The parser materializes an explicit domain grammar:

| Chain | Grammar |
|---|---|
| Class I alpha | `signal_peptide? -> g_alpha1 -> g_alpha2 -> c1_alpha3 -> transmembrane? -> cytoplasmic_tail?` |
| Class II alpha | `signal_peptide? -> g_alpha1 -> c1_alpha2 -> transmembrane? -> cytoplasmic_tail?` |
| Class II beta | `signal_peptide? -> g_beta1 -> c1_beta2 -> transmembrane? -> cytoplasmic_tail?` |

The exported contiguous sequence fields are:

| Column | Class I alpha | Class II alpha | Class II beta |
|---|---|---|---|
| `groove1` | α1 domain (~80-95 aa typical) | α1 domain (~75-95 aa typical) | — |
| `groove2` | α2 domain (~80-100 aa typical) | — | β1 domain (~70-100 aa typical) |
| `ig_domain` | α3 C-like support domain | α2 C-like support domain | β2 C-like support domain |
| `tail` | linker + TM + cytoplasmic tail | linker + TM + cytoplasmic tail | linker + TM + cytoplasmic tail |

`domain_architecture` and `domain_spans` expose the typed domain grammar
directly, for example:

- class I: `signal_peptide>g_alpha1>g_alpha2>c1_alpha3>tail_linker>transmembrane>cytoplasmic_tail`
- class II beta: `signal_peptide>g_beta1>c1_beta2>tail_linker>transmembrane>cytoplasmic_tail`

## How Parsing Works

The parser is **alignment-free** and **holistic**. It does not rely on one
absolute Cys position to define the mature start.

For each sequence it:

1. Enumerates all plausible Cys-Cys pairs in the Ig/C-like separation range.
2. Scores each pair as a candidate G-domain or C-like anchor using fold-topology
   evidence, especially the Trp41-like signal around `c1+14`.
3. Enumerates candidate SP boundaries and whole domain parses, including partial
   parses when only fragment evidence is available.
4. Chooses the best full parse using factored multiplicative scoring:
   three structural claims (SP grammar, domain architecture, completeness) each
   produce a [0,1] factor.  Contradictory evidence in any factor gates the score
   down multiplicatively, while missing evidence is a softer penalty.

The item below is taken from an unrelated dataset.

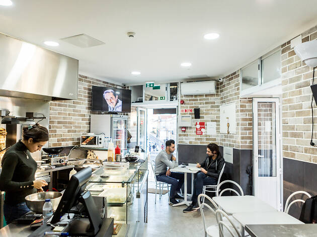 Um restaurante onde quem cozinha são refugiados sírios, uma verdadeira casa do Médio Oriente onde a mesa se enche de pratos feitos para partilhar. Nesta pequena sala com vista para o interior do Mercado de Arroios, vá directo aos kibbeh, uma espécie de croquetes de borrego com bulgur e nozes, e não se esqueça que rasgar um pedaço de pão para agarrar um tanto de baba ganoush ou de hummus.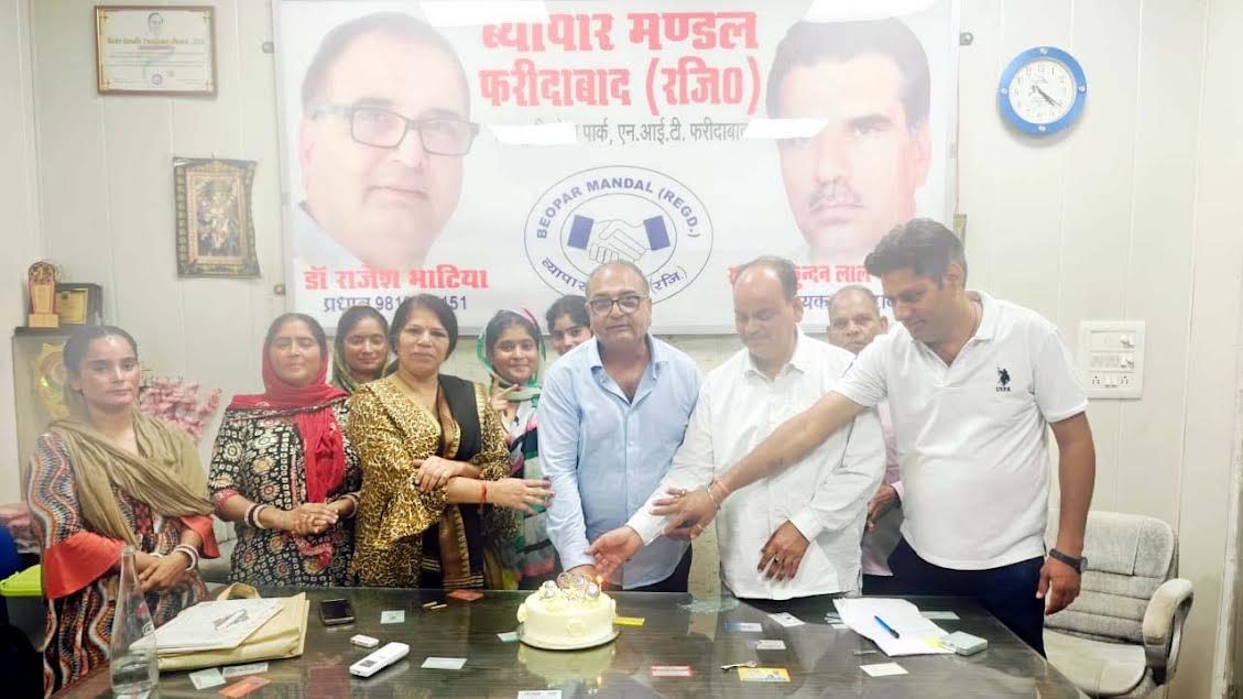 फरीदाबाद। सिद्धपीठ श्री हनुमान मंदिर मार्किट नंबर 1, डा. अनिल मलिक श्री सनातन धर्म महाबीर दल सीनियर सैंकेडरी स्कूल एवं ब्यापार मंडल फरीदाबाद, संस्थाओं ने मिलकर फरीदाबाद जिले का स्थापना दिवस  धूमधाम से मनाया। इस दौरान मंदिर एवं ब्यापार मंडल फरीदाबाद के प्रधान डॉ राजेश भाटिया ने बुजुर्गाे व गणमान्य लोगों के साथ केक काटा और फरीदाबाद शहर की सुख-समृद्धि की कामना की। इस मौके पर डॉ0 अनिल मालिक श्री सनातन धर्म महाबीर दल सीनियर सेकेंडरी स्कूल के प्रधान डॉ राजेश भाटिया ने उपस्थितजनों को संबोधित करते हुए कहा कि 1947 में हमारा देश आजाद हुआ था और 17 अक्टूबर, 1949 को हमारे बुजुर्गाे ने न्यू इंडस्ट्रियल टाऊन की नींव रखी थी।

The strongest evidence types are:

- SP cleavage grammar: hydrophobic h-region, short c-region, von Heijne `-3/-1`
  compatibility, exclusion of impossible `-3/-1` property pairs, and mild `+1`
  mature-sequence penalties.
- Domain-fold grammar: canonical G-domain versus C-like disulfide topology,
  including the IMGT-style `Cys11-Cys74` G-domain signature and the
  `Cys23/Trp41/Cys104` C-like grammar.
- Class-specific groove boundaries:
  - class I α1/α2 junction motifs
  - class I α2 -> α3 boundary motifs
  - class II α1 -> α2 and β1 -> β2 boundary motifs
- Soft priors on groove/support-domain lengths and TM support downstream.

The parser handles:

- full-length proteins with or without signal peptides
- SP-stripped deposits (`mature_start = 0`)
- common fragments:
  - class I exon 2 only -> `alpha1_only`
  - class I exon 3 only -> `alpha2_only`
  - class II exon 2-like fragments -> `fragment_fallback`
- low-evidence salvage:
  - class I from α3 C-like support only -> `inferred_from_alpha3`
  - class II beta from β1 groove pair only -> `beta1_only_fallback`
- true groove absence / insufficient structural evidence -> `missing_groove`

### Groove Status Values

These are the important parser-facing statuses:

| Status | Meaning |
|---|---|
| `ok` | Full decomposition from the main structural grammar |
| `alpha1_only` | Class I fragment consistent with α1 / exon 2 only |
| `alpha2_only` | Class I fragment consistent with α2 / exon 3 only |
| `fragment_fallback` | Short fragment retained as the observable groove half |
| `inferred_from_alpha3` | Class I salvage parse using a downstream α3 C-like anchor |
| `beta1_only_fallback` | Class II beta salvage parse using only the β1 groove pair |
| `missing_groove` | No recoverable groove architecture from the available evidence |
| `non_classical` | Non-classical class-I lineage flagged post-parse |
| `short` | Groove half too short to look functionally peptide-binding |

Pipeline-only statuses can still appear in CSV outputs:

| Status | Meaning |
|---|---|
| `not_applicable` | Row intentionally excluded from groove functionality, mainly B2M in build outputs |

## Literature Basis

The parser is built around conserved sequence grammar from the MHC literature:

- MHC domain organization is more conserved than short local motifs across
  vertebrates: [Primordial Linkage of β2-Microglobulin to the MHC](https://pmc.ncbi.nlm.nih.gov/articles/PMC3805034/)
- IMGT domain numbering and the G-domain versus C-like disulfide grammar:
  [PMC3913909](https://pmc.ncbi.nlm.nih.gov/articles/PMC3913909/)
- Classical class-I domain layout and landmarks:
  [PMC2434379](https://pmc.ncbi.nlm.nih.gov/articles/PMC2434379/)
- Salmonid class-II alpha/beta cysteine topology and lineage-specific extra
  cysteines: [PMC2386828](https://pmc.ncbi.nlm.nih.gov/articles/PMC2386828/)
- Teleost class-II evolutionary divergence while retaining the same modular
  architecture: [PMC4219347](https://pmc.ncbi.nlm.nih.gov/articles/PMC4219347/)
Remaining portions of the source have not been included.